The schedule included a mid-week trip to Sauder Village, but it sounds like Williamsburg, which we visited years ago, so we decided to pass on the trip and stay closer to campus. We took a long walk down to the Oak Grove Cemetery and wandered around for a while. There was a nice tribute to the Civil War veterans throughout the rolling acreage honoring those killed in battle as well as those who served in the Union forces and made it back home. Later in the morning, we took our box lunches to the Slayton Arboretum and had ourselves a fine picnic. “The Arb,” as it is known around campus, started with fourteen acres donated by Mr. and Mrs. George Slayton in 1922. The Slaytons donated the land to commemorate the fiftieth anniversary of their graduation from Hillsdale College. Now the arboretum is forty eight acres and even has a children’s garden. A biology professor, Dr. Bertram Barber, conceived the design and enlisted the help of the Hillsdale students decades ago. Together, the students and faculty created a place for all to enjoy both at college events and on their own.
Hillsdale was founded as a nonsectarian Christian school. It clearly leans to the conservative side politically and it’s quite obviously pro-America.
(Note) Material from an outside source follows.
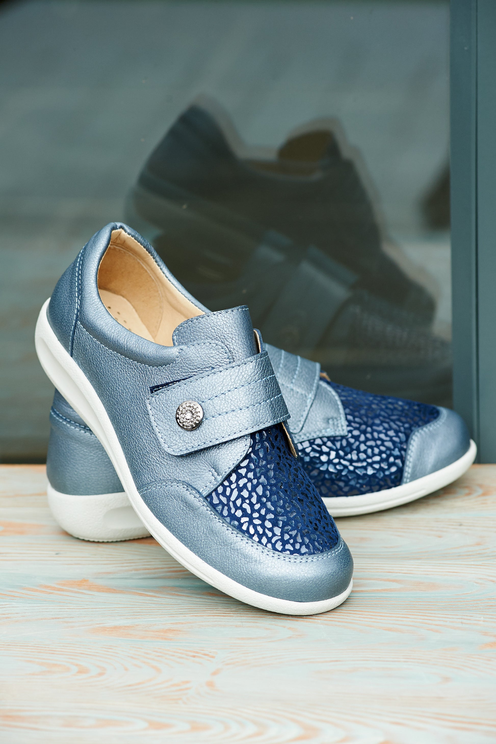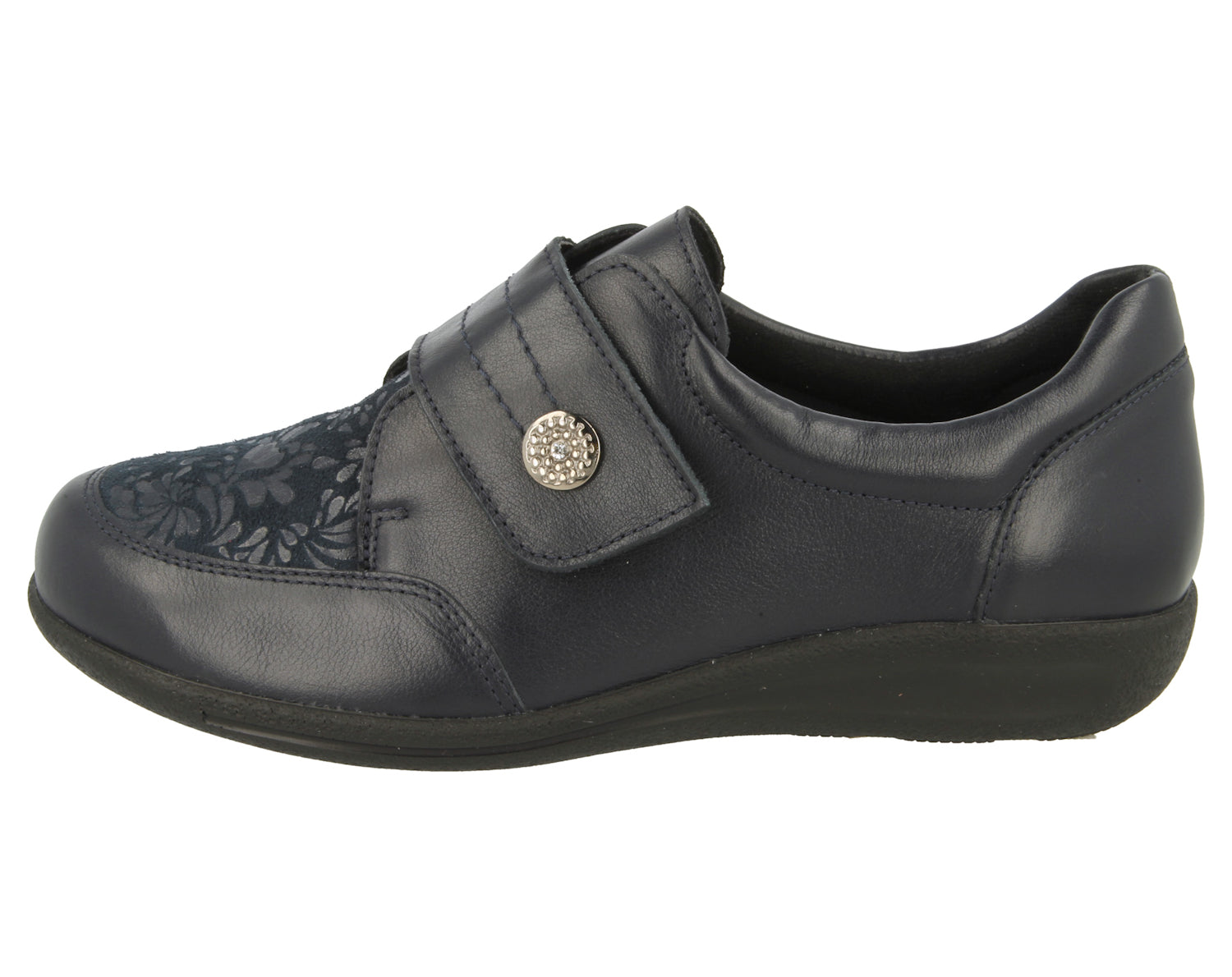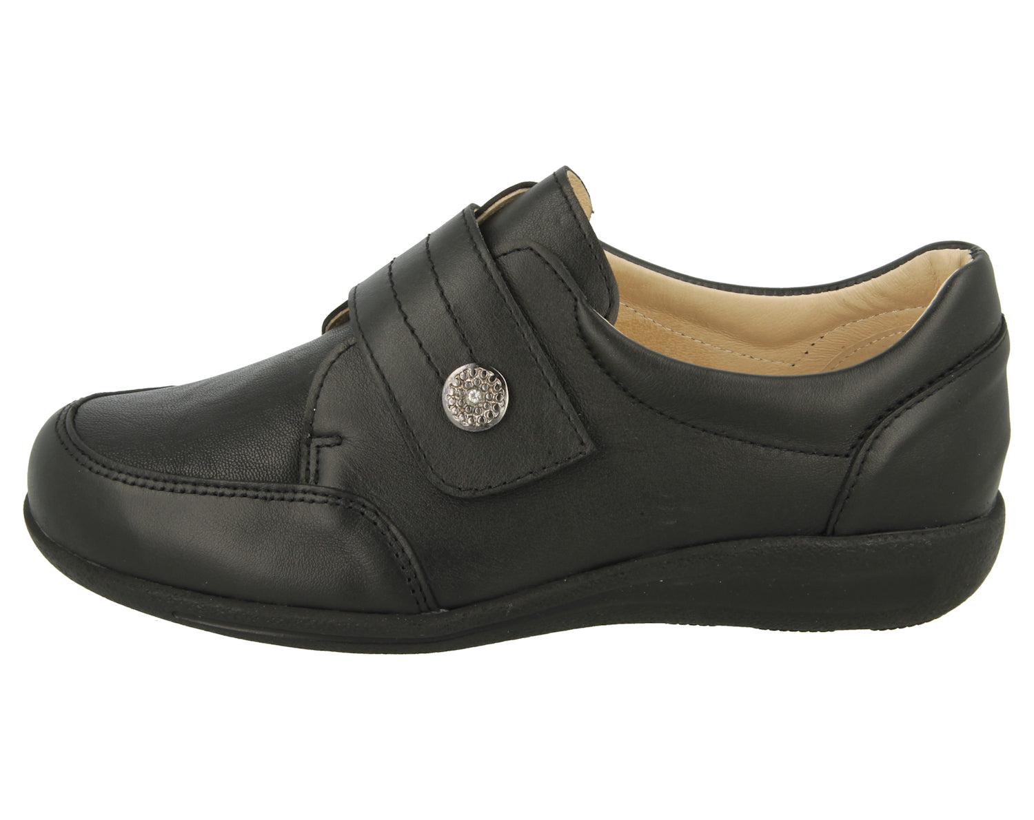 Attractive design in supple leather with a stretch panel which expands to accommodate any awkward toes.
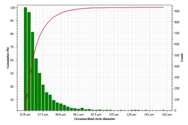 顆粒統(tǒng)計(jì)分析測(cè)量系統(tǒng)會(huì)把識(shí)別到的顆粒一一列出來,操作員可以根據(jù)需求可以刪除不滿意顆粒。其次,系統(tǒng)會(huì)把每一個(gè)顆粒的具體信息統(tǒng)計(jì)出來,比如面積、等效圓直徑、長(zhǎng)軸長(zhǎng)度、短軸長(zhǎng)度等,全面地了解樣品。

You will hear politicians and government policy debated, but the ideals stated in the constitution upon which this country was founded are not questioned. There is a blessing before dinner and we stand for the Pledge of Allegiance after the blessing. At lunch one day, I asked Dr. Slack, who happened to be dining with us, about students who are atheists. He said that a large proportion of college age young people identify as atheists these days and it’s not a big deal to come to Hillsdale as someone who does not believe in God. However, religion courses are part of the core curriculum for everyone, so I suppose those students know that when they apply. Hillsdale is a thorn in the side of many leftists who continuously try to bring them to heel. The school has a public relations department as well as a law department to deal with the frequent onslaught of entities who want to bring them down. The professors and staff here are really quite happy warriors, though, and seem steadfast in their commitment to quality education. We’ve had such a great experience here; I feel quite sure we will be back for more in the coming years.